The best that we as independent journalists can do with these kinds of stories is to find and expose the patterns that strongly suggest corruption. Reporters at mainstream media outlets apply this standard routinely to their political coverage of everything from gun control bills to health care, by noting how the timing of campaign contributions received by politicians matches up with those decisions. But for this story, with its cast of characters in Russia, Ukraine, Europe, and the United States, these same media outlets want to move the goalposts.
After the Uranium One story emerged, we called for official investigations—ones armed with subpoena power and the ability to gather information we could not hope to get ourselves. We were optimistic when, in 2017, then-Attorney General Jeff Sessions asked John Huber, the U.S. attorney in Utah, to look into concerns that the FBI had not fully pursued cases of possible corruption when the U.S. government decided not to block the sale of Uranium One. Huber’s “investigation,” finally released in 2020, was a disappointment, as it was simply a review of the FBI’s earlier insufficient efforts. His team called no witnesses, did no interviews or investigations of its own, and, after more than two years, left all these questions unanswered.

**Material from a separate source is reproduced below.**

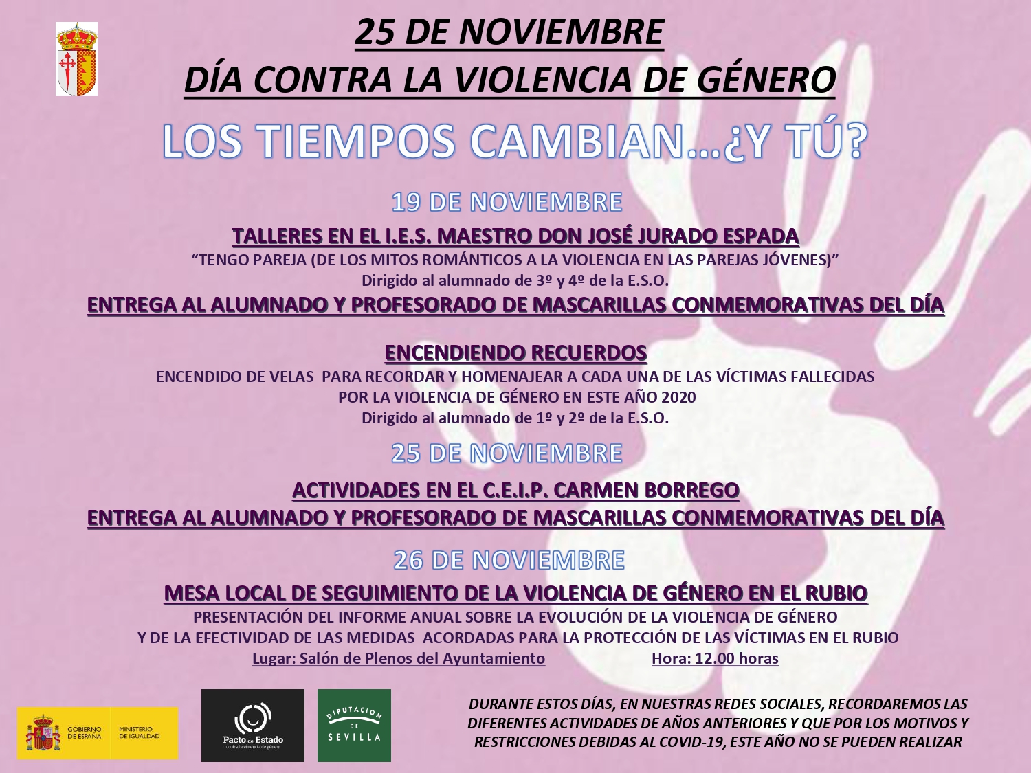 La Delegación de Igualdad del Ayuntamiento de El Rubio llevará a cabo distintas actividades en el IES Maestro Don José Jurado Espada y en el CEIP Carmen Borrego. Además, el día 26 de noviembre tendrá lugar una mesa local de seguimiento de la violencia de género en El Rubio.

As investigative journalists, we don’t have the power or the soapbox that mainstream news organizations do to press for the truth. But that is their job. Part of doing this work—and why we document our facts so precisely—is our faith that those reporters, editors, congressional overseers, and executive branch prosecutors will pick up where we left off. And if they do not, it is fair to ask: Why not? Many of our friends in major news organizations tell us that they get sucked into what I have called “the Trump Vortex,” the fixation by the media on President Donald J. Trump’s actions, tweets, and possible misdeeds. I don’t question the importance of covering those stories.
But that singular focus leaves other important corruption stories ignored. America’s adversaries, in China, Russia, and elsewhere, have done business for years by working through back channels to sway those who are temporarily in office in the United States, regardless of political party. We wrote about those techniques before and will no doubt do so again. The interconnected worlds of international commerce and global strategic competition introduce temptations for our political representatives to compromise themselves and our country, and in ways far more dangerous than frozen stacks of cash in a congressman’s freezer.
In this book, Seamus Bruner and John Solomon will show those dangers, detail those temptations, and expose those dark worlds.